Improving Active Learning with a Bayesian Representation of Epistemic Uncertainty
This work addresses the problem of improving active learning efficiency for researchers and practitioners by offering a novel uncertainty representation, though it appears incremental as it builds on existing theories.
The paper tackled the challenge of distinguishing epistemic and aleatoric uncertainty in active learning by proposing a combination of probability and possibility theories, leading to new strategies that showed strong performance in GP-based classification tasks on simulated and real datasets.
A popular strategy for active learning is to specifically target a reduction in epistemic uncertainty, since aleatoric uncertainty is often considered as being intrinsic to the system of interest and therefore not reducible. Yet, distinguishing these two types of uncertainty remains challenging and there is no single strategy that consistently outperforms the others.
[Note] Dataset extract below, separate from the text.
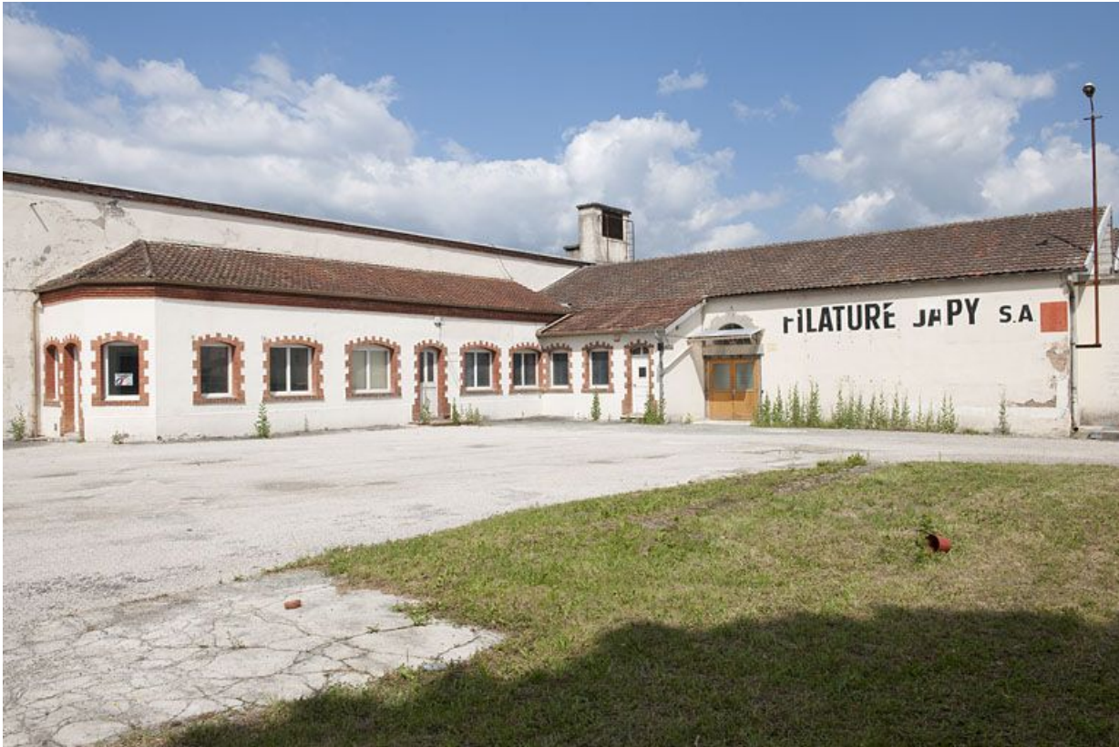
Bureaux vus depuis l'entrée.

We propose to use a particular combination of probability and possibility theories, with the aim of using the latter to specifically represent epistemic uncertainty, and we show how this combination leads to new active learning strategies that have desirable properties. In order to demonstrate the efficiency of these strategies in non-trivial settings, we introduce the notion of a possibilistic Gaussian process (GP) and consider GP-based multiclass and binary classification problems, for which the proposed methods display a strong performance for both simulated and real datasets.